▸ Extracted information
- - -

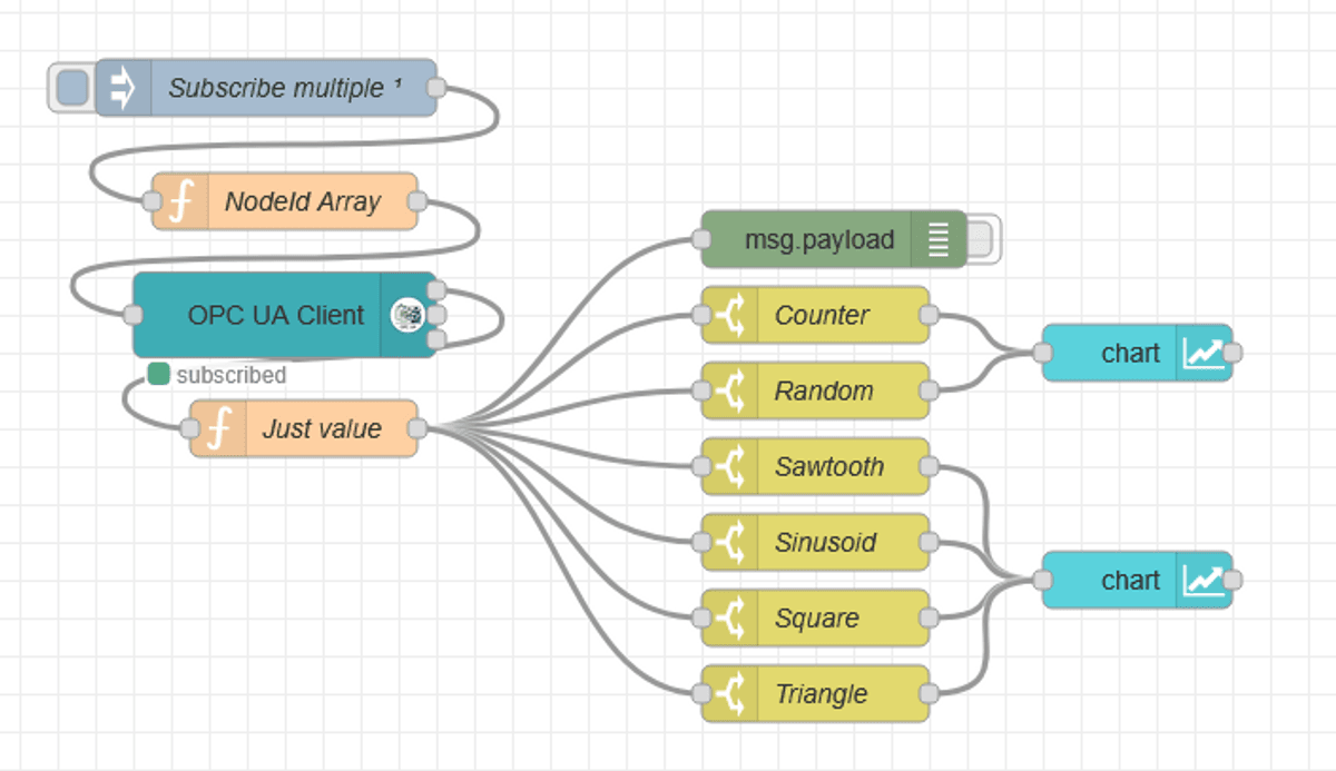 Node-RED as OPC UA Client - Subscribe Multiple Tags and Display on Node-RED Dashboard
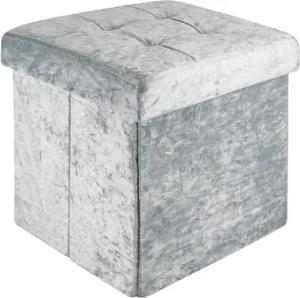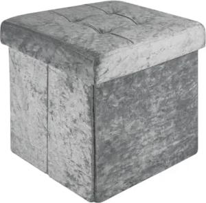 Faltbare Sitzhocker 30x30x30 cm in Samt Grau - Sitzwürfel mit Deckel und Stauraum aus Stoff mit Mulden - Sitzcube Fußablage klappbare Aufbewahrungsbox Truhe Sitzhocker
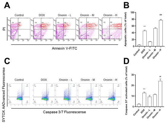 (A) The viable cell population was displayed in the bottom left quadrant, the early apoptotic cells in the bottom right quadrant, and the late apoptotic cells in the top right quadrant of the dual parametric dot plots integrating annexin V-FITC and PI fluorescence. (B) The quantification analysis was analyzed by the program Flowjo v7.6. (C) The dual parametric dot plots combining caspase 3/7 and SYTOX AADvanced fluorescence showed activated caspase 3/7 in the bottom right quadrant (Q4). (D) The quantification analysis was conducted by the program Flowjo v7.6. Ononin at 0.1 μM was labeled as -L, 0.3 μM was highlighted as -M, and 1 μM was shown as -H. The values are expressed as the percentage of total cell number, n = 6, in Mean ± SEM. DOX (1 μM) was applied as a positive control.
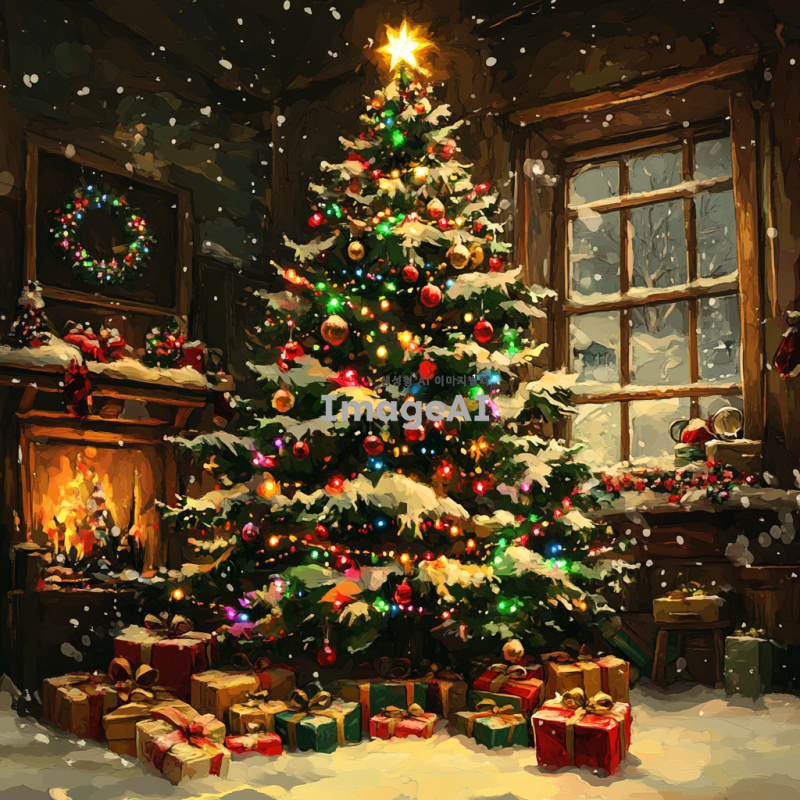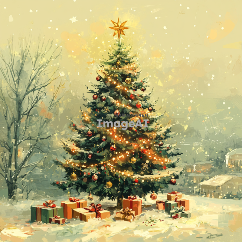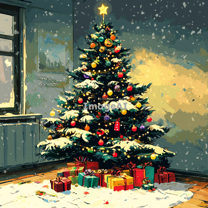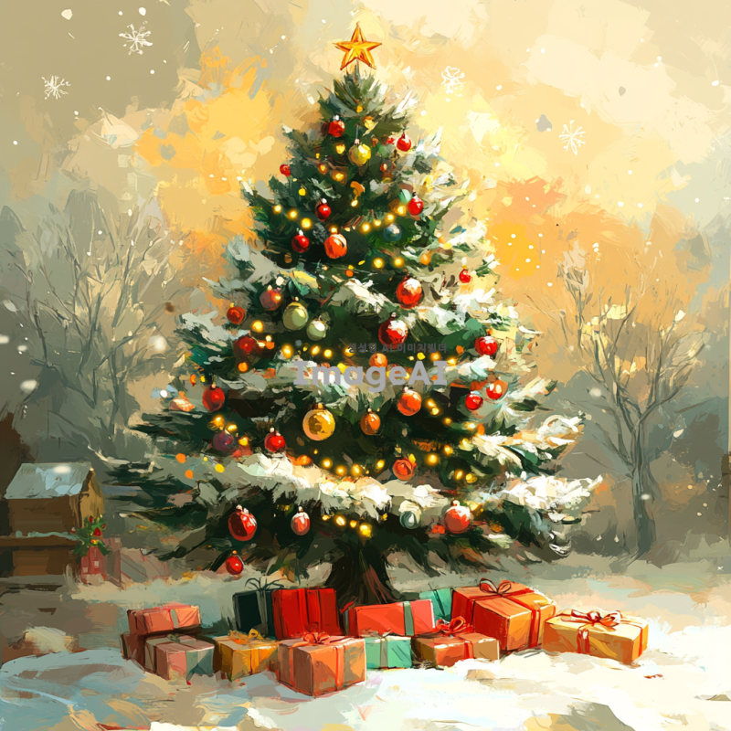 어설프게 그려진 크리스마스 트리, 다양한 색상의 장식과 조명이 어우러져 있는 모습, 나무는 비대칭적이고 불균형하게 그려져 있으며, 바닥에는 선물들이 어지럽게 놓여져 있는 장면, 따뜻한 크리스마스 분위기를 느낄 수 있는 배경, 한국의 겨울 풍경이 어우러진 설정.
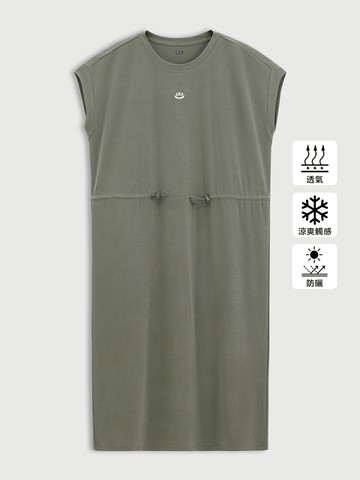 女裝 Logo刺繡防曬圓領無袖洋裝-軍綠色
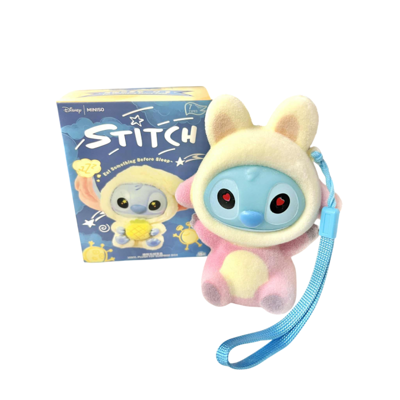 Die Verpackung ist eine Überraschung. Darin befindet sich eines von sieben weichen Stitch-Spielzeugen.
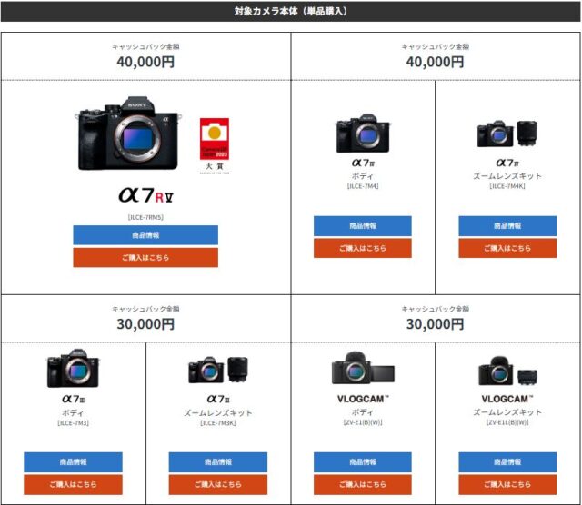 「α7RⅤ」「α7Ⅳ」が4万円、「α7Ⅲ」「ZV-E1」は3万円のキャッシュバックになります!

- - -

▸ What is being asked
If a picture falls within the span, leave it out, and reproduce exactly the lines from the one containing "Die Verpackung ist" through the end of the material, and no others.

▸ Answer box
 Die Verpackung ist eine Überraschung. Darin befindet sich eines von sieben weichen Stitch-Spielzeugen.
 「α7RⅤ」「α7Ⅳ」が4万円、「α7Ⅲ」「ZV-E1」は3万円のキャッシュバックになります!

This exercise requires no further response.